> WORK TASK
In the output, include exactly the lines from the beginning of the records up to and including the one that contains "Decimal 1732535095 Color", and leave out the pictures.

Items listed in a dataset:
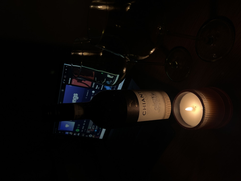 The scene is an indoor, dimly lit setting in Sherburn in Elmet, United Kingdom. A dark bottle of 2020 Chianti wine, featuring a white label, stands prominently in the foreground. To its right, a lit candle in a ribbed, translucent holder provides the primary warm illumination. Two empty, clear stemmed wine glasses are positioned beside the candle, one slightly behind the other. In the background, a laptop screen glows with a blueish light, displaying a music streaming application interface with the word "Songs" visible. The objects rest on a dark, flat surface. No individuals are present in the image.
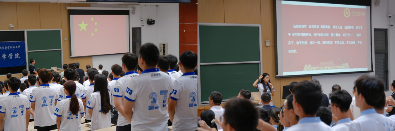 大会在庄严的国歌声中拉开了帷幕。齐唱雄壮的国歌后,集体观看《今日北航koko体育官网》,该视频生动形象地展现了koko体育官网的发展历程以及昂扬向上的精神风貌。随后,由koko体育官网教师代表李景老师、学生代表李超、丁索琪、盛昱皓、丁乙、崔雪纯同学依次发言。均讲述了对化学的热爱和追求以及对新生活的期待,展现了化院人有梦想、有勇气、有决心、有毅力的昂扬精神。在崔雪纯同学的领誓下,全体新生庄严宣誓,不负北航,不负青春,不负新时代!
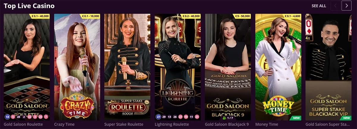 Our live casino operates with Evolution Gaming dealers providing real-time gameplay across multiple table games. Live dealer games include blackjack, roulette, baccarat, and poker variants with professional croupiers.
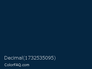 Decimal 1732535095 Color is a very dark blue color and the nearest color is Oxford Blue #002147. Hex code #052641 and RGB value is rgb(5,38,65). In RGB color space, this color is composed of 2% red, 15% green, 25% blue, In CMYK color space, this color is composed of 92% cyan, 42% magenta, 0% yellow , 75% black , In HSL color space, this color has a hue angle of 207° , 86% saturation and 14% lightness.
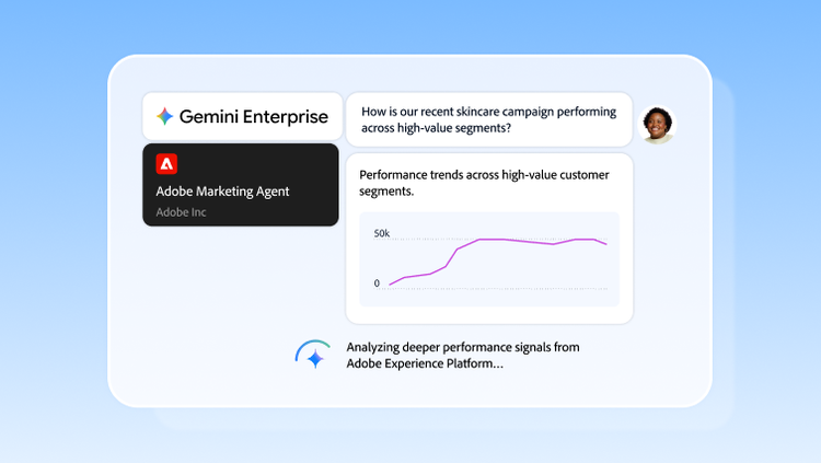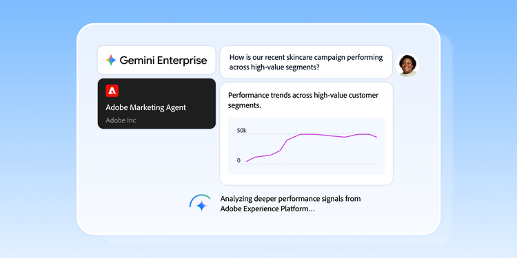 Built on the Agent-to-Agent (A2A) framework, the Adobe Marketing Agent connects securely and in real time to the Adobe Experience Platform Agent Orchestrator. When a marketer asks a question inside Gemini Enterprise, the agent reasons across live data and returns an answer that reflects the current state of their business. This is not a cached report or a static summary. It's a direct connection to the enterprise's own customer intelligence.
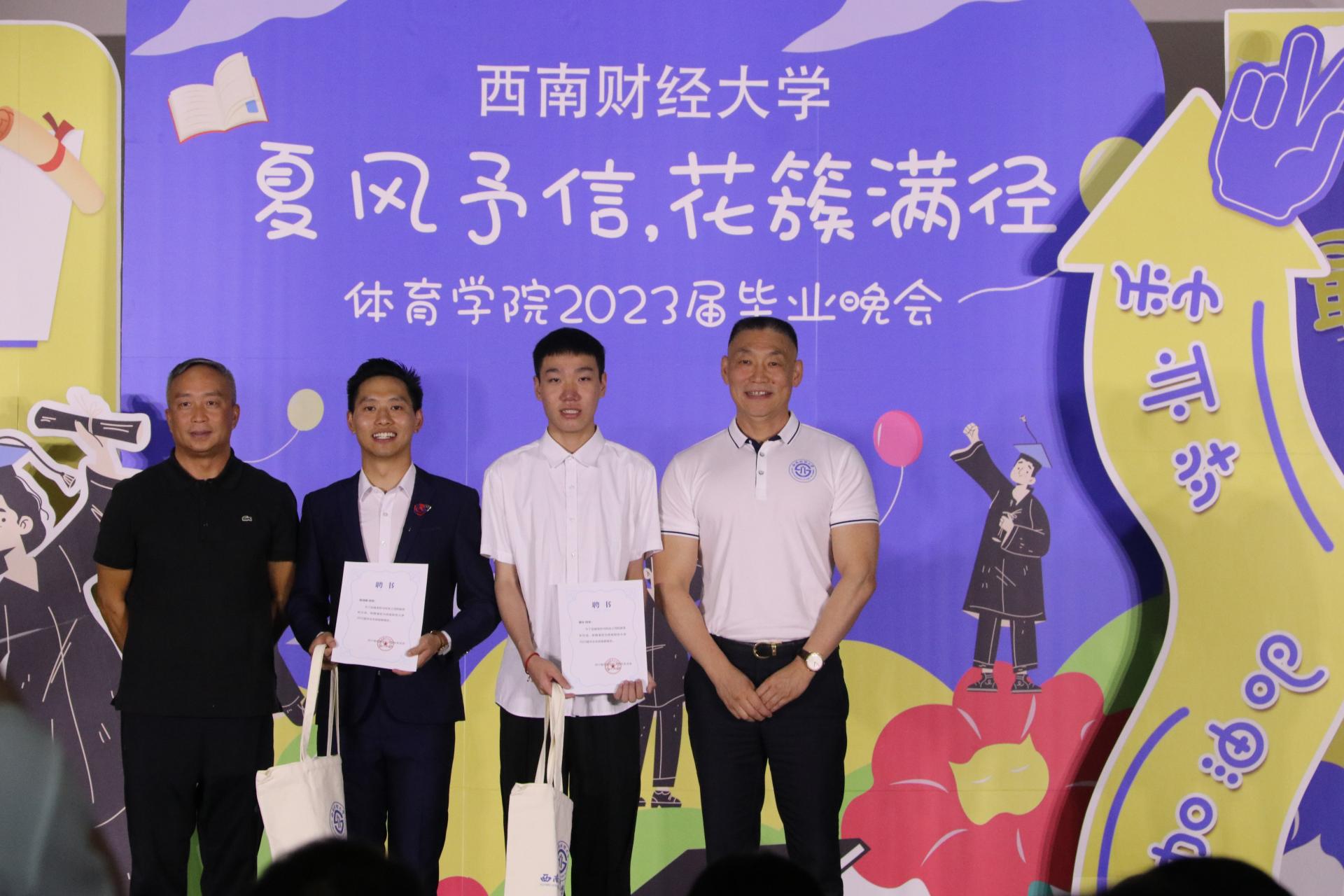 毕业生代表陈佳辉同学发言,感谢学校、学院的培养以及老师们的辛勤付出。随后,院长杨远波教授、书记周正宏教授向曾宇、陈佳辉同学颁发校友联络员聘书。
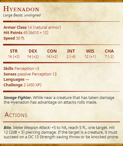 Then it was joined by a second who in its bloodlust narrowly missed Barry. Soon the party engaged attempting to keep the creatures at bay while not fully committing to the fight. That was until the giant creature, a Large Hyenadon, attacked Henrey who was left stranded alone. Soon the Henrey was fleeing to the safety of the party only to be chased down and bitten clean in half by the jaws of the massive beast.
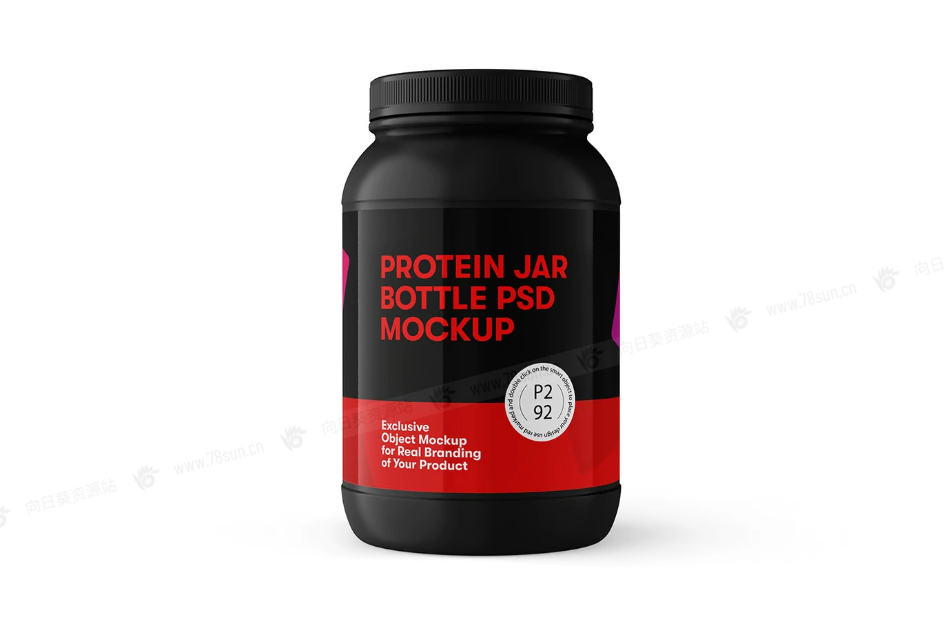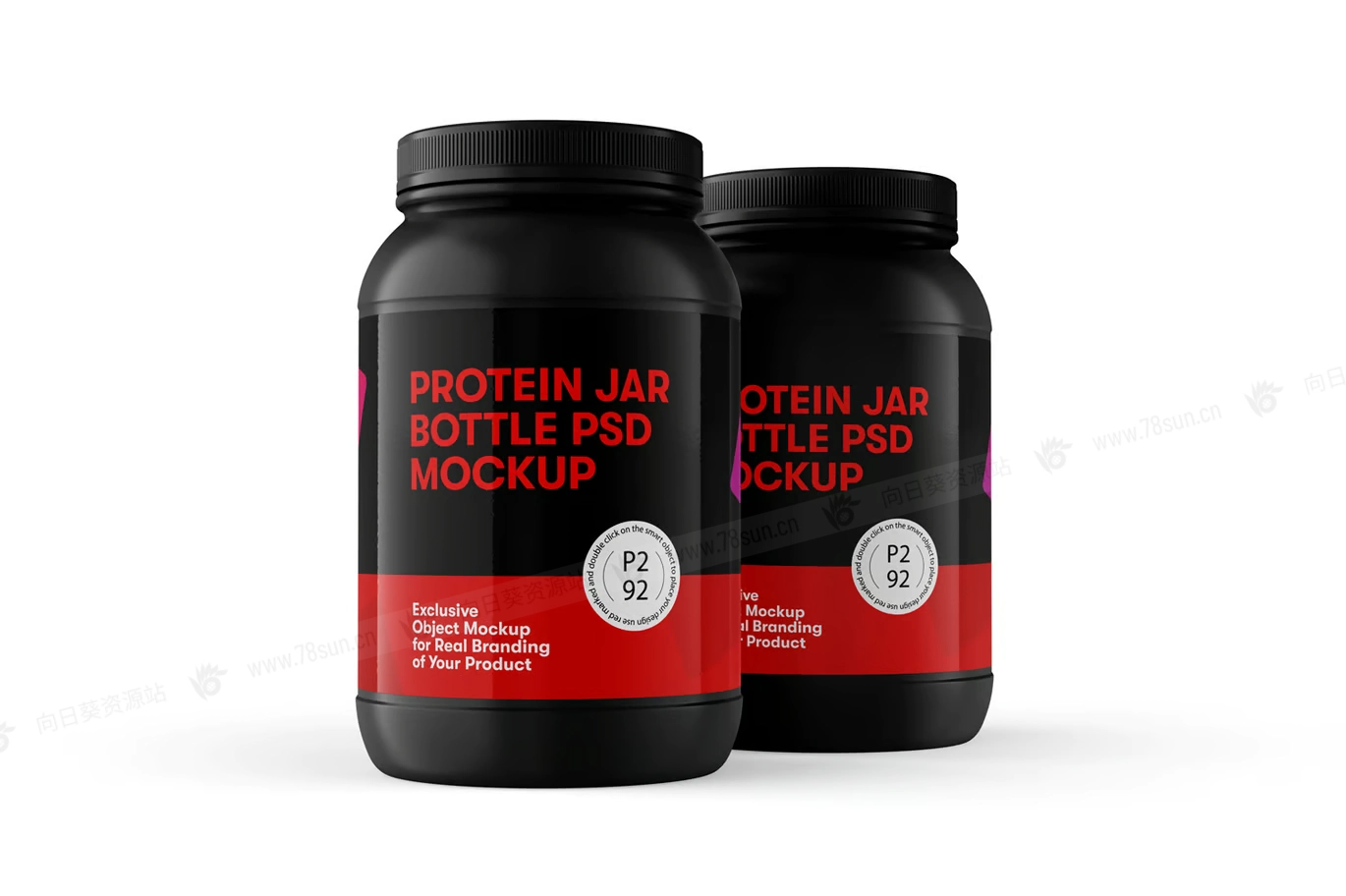 蛋白质罐钙片塑料瓶品牌VI效果图展示智能贴图PSD设计样机。从 12 盎司到 32 盎司的多种尺寸选择
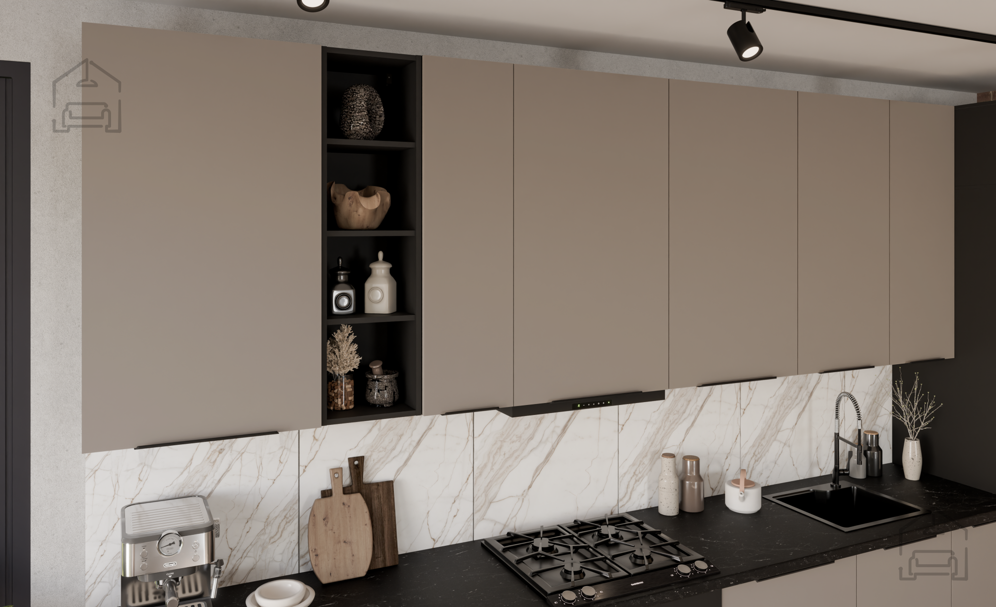 Besondere Aufmerksamkeit wurde den Details gewidmet, wie zum Beispiel den Griffen Edge UA-HEXA in schwarz-aluminiumfarbener Ausführung. Diese Griffe ergänzen nicht nur das moderne Erscheinungsbild des Ensembles, sondern sind auch ergonomisch für eine komfortable Nutzung gestaltet. Der Abstand zwischen den Griffen liegt zwischen 64 mm und 320 mm, was eine ästhetisch ausgewogene Platzierung an verschiedenen Elementen ermöglicht und ein einfaches Öffnen von Türen und Schubladen gewährleistet.

> SOLVED PROBLEM
 The scene is an indoor, dimly lit setting in Sherburn in Elmet, United Kingdom. A dark bottle of 2020 Chianti wine, featuring a white label, stands prominently in the foreground. To its right, a lit candle in a ribbed, translucent holder provides the primary warm illumination. Two empty, clear stemmed wine glasses are positioned beside the candle, one slightly behind the other. In the background, a laptop screen glows with a blueish light, displaying a music streaming application interface with the word "Songs" visible. The objects rest on a dark, flat surface. No individuals are present in the image.
 大会在庄严的国歌声中拉开了帷幕。齐唱雄壮的国歌后,集体观看《今日北航koko体育官网》,该视频生动形象地展现了koko体育官网的发展历程以及昂扬向上的精神风貌。随后,由koko体育官网教师代表李景老师、学生代表李超、丁索琪、盛昱皓、丁乙、崔雪纯同学依次发言。均讲述了对化学的热爱和追求以及对新生活的期待,展现了化院人有梦想、有勇气、有决心、有毅力的昂扬精神。在崔雪纯同学的领誓下,全体新生庄严宣誓,不负北航,不负青春,不负新时代!
 Our live casino operates with Evolution Gaming dealers providing real-time gameplay across multiple table games. Live dealer games include blackjack, roulette, baccarat, and poker variants with professional croupiers.
 Decimal 1732535095 Color is a very dark blue color and the nearest color is Oxford Blue #002147. Hex code #052641 and RGB value is rgb(5,38,65). In RGB color space, this color is composed of 2% red, 15% green, 25% blue, In CMYK color space, this color is composed of 92% cyan, 42% magenta, 0% yellow , 75% black , In HSL color space, this color has a hue angle of 207° , 86% saturation and 14% lightness.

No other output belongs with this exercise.